Another difference between Ebola and AIDS is the fact that with proper treatment, a person can prolong getting AIDS even if he is already infected with HIV, which means that a person can live a long and fairly healthy life. However, there is a 25% to 90% chance that a person with Ebola may die. 
 
However, Ebola is fairly isolated, as compared to HIV and the number of cases affected by Ebola is much less than HIV. As of 2012, approximately 35.3 million people are living with HIV globally, whereas Ebola had 1,716 cases in 24 outbreaks until 2013. The 2014 West Africa epidemic had 13,567 reported cases of Ebola up until 29 October 2014, resulting in 4,960 deaths.
 
While, both can spread through the exchange of bodily fluids, such as blood, semen, breast milk, etc., Ebola can also be spread through urine, saliva, sweat, feces, and vomit, hence making it faster and easier to spread than HIV. 
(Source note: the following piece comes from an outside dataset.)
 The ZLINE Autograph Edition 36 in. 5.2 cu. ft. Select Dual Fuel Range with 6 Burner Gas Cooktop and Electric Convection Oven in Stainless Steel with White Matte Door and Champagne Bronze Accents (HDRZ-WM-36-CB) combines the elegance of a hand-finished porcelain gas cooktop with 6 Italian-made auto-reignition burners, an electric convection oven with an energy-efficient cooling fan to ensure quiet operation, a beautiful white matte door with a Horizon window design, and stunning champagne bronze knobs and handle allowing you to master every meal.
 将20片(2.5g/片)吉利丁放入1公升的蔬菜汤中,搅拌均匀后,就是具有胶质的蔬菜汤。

The symptoms of the two diseases also differ. Within two days to three weeks of contacting Ebola, the patient may show symptoms of fever, sore throat, muscle pain, and headaches. This escalates to vomiting, diarrhea and a rash, as well as impaired kidney and liver function. In some cases, patients show both internal and external bleeding, such as oozing from the gums, or blood in the stools. This eventually culminates to death between six to sixteen days of contracting the disease.
 
There are three main stages of HIV infection: acute infection, clinical latency and AIDS. While the first two stages of HIV include symptoms such as fever, swollen lymph nodes, inflammation of the throat, rash, muscle pain, malaise, and mouth and esophageal sores, the third and the last stage of AIDS is the worst. AIDS is characterized by low CD4+ T cell counts, lower than 200 per microliter, this allows other opportunistic infections to take root and wreak havoc with the body. This also increases the chances of various viral induced cancers including Kaposi's sarcoma, Burkitt's lymphoma, primary central nervous system lymphoma and cervical cancer.
 
Comparison between Ebola and AIDS:
 

 

Ebola

AIDS

Known as

Ebola virus disease (EVD), Ebola hemorrhagic fever (EHF)
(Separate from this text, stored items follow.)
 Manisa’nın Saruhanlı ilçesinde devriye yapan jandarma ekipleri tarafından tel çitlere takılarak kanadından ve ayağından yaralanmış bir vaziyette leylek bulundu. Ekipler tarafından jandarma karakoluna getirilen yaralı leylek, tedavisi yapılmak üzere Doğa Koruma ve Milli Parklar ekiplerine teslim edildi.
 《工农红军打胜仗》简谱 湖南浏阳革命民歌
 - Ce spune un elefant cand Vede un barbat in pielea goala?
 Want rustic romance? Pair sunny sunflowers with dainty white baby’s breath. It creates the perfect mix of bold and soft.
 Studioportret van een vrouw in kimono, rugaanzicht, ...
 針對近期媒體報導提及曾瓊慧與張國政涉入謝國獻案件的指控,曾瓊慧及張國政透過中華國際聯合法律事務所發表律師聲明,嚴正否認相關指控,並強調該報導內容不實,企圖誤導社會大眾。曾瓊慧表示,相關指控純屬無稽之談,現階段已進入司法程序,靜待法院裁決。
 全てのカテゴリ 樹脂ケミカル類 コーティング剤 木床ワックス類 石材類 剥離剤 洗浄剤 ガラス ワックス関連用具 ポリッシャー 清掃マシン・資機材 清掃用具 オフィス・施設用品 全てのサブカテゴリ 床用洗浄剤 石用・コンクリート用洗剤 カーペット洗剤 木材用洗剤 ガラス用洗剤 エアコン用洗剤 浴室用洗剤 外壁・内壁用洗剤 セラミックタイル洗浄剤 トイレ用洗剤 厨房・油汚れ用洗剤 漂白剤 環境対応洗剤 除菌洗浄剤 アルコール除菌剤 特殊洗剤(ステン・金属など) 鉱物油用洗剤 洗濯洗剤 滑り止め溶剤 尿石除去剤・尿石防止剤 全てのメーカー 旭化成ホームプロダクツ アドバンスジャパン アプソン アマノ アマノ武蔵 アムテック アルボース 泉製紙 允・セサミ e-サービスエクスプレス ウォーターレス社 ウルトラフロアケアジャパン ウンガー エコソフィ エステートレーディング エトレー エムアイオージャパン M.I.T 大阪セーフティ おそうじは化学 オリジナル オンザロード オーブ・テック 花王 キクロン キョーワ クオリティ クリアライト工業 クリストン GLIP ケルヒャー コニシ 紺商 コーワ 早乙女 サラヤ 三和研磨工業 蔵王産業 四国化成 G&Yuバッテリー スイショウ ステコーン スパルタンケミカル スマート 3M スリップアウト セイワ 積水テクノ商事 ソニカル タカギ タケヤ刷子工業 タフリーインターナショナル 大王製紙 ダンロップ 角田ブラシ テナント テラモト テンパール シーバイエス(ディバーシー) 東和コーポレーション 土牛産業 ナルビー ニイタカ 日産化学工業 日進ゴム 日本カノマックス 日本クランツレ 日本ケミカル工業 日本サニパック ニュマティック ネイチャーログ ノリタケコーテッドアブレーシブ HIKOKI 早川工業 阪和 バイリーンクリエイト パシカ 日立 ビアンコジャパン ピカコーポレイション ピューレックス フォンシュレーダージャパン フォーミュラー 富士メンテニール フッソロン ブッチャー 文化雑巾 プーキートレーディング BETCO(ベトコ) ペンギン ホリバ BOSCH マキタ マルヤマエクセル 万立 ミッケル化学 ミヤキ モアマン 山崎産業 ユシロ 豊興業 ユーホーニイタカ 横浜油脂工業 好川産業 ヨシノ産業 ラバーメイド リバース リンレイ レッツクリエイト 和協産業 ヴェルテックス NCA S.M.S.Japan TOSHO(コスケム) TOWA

Acquired Immunodeficiency Syndrome (AIDS)

Caused by

a virus of the family Filoviridae, genus Ebolavirus:

  • Ebola virus (Zaire ebolavirus)
  • Sudan virus (Sudan ebolavirus)
  • Taï Forest virus (Taï Forest ebolavirus, formerly Côte d’Ivoire ebolavirus)
  • Bundibugyo virus (Bundibugyo ebolavirus)
  • Reston virus (Reston ebolavirus) (only in nonhuman primates)

A lentivirus; subgroup of retrovirus.

 

Two main types of viruses:

  • HIV type 1 (HIV-1)
  • HIV type 2 (HIV-2)

First Discovered

In 1976 near the Ebola River in what is now the Democratic Republic of the Congo

First clinically observed in 1981 in the United States. However dates back to 1920s in what is now the Democratic Republic of the Congo.

Natural Hosts

Fruit bats of the Pteropodidae family

HIV-1 is related to viruses found in chimpanzees and gorillas living in western Africa, while HIV-2 viruses are related to viruses found in the endangered west African primate sooty mangabey.

Transmission

  • Close contact with the blood, secretions, organs or other bodily fluids of infected animals
  • Human-to-human transmission via direct contact (through broken skin or mucous membranes) with the blood, secretions, organs or other bodily fluids of infected people, and with surfaces and materials (e.g. bedding, clothing) contaminated with these fluids.
  • Transfer of blood, semen, vaginal fluid, pre-ejaculate, or breast milk.
  • From mother to child during pregnancy, delivery, or breastfeeding (known as vertical transmission).

Incubation period (the time interval from infection with the virus to onset of symptoms)

2 to 21 days

Up to 10 years, but can be increased with treatment.

Symptoms

Fever, fatigue, muscle pain, headache and sore throat. Followed by vomiting, diarrhoea, rash, symptoms of impaired kidney and liver function, and in some cases, both internal and external bleeding.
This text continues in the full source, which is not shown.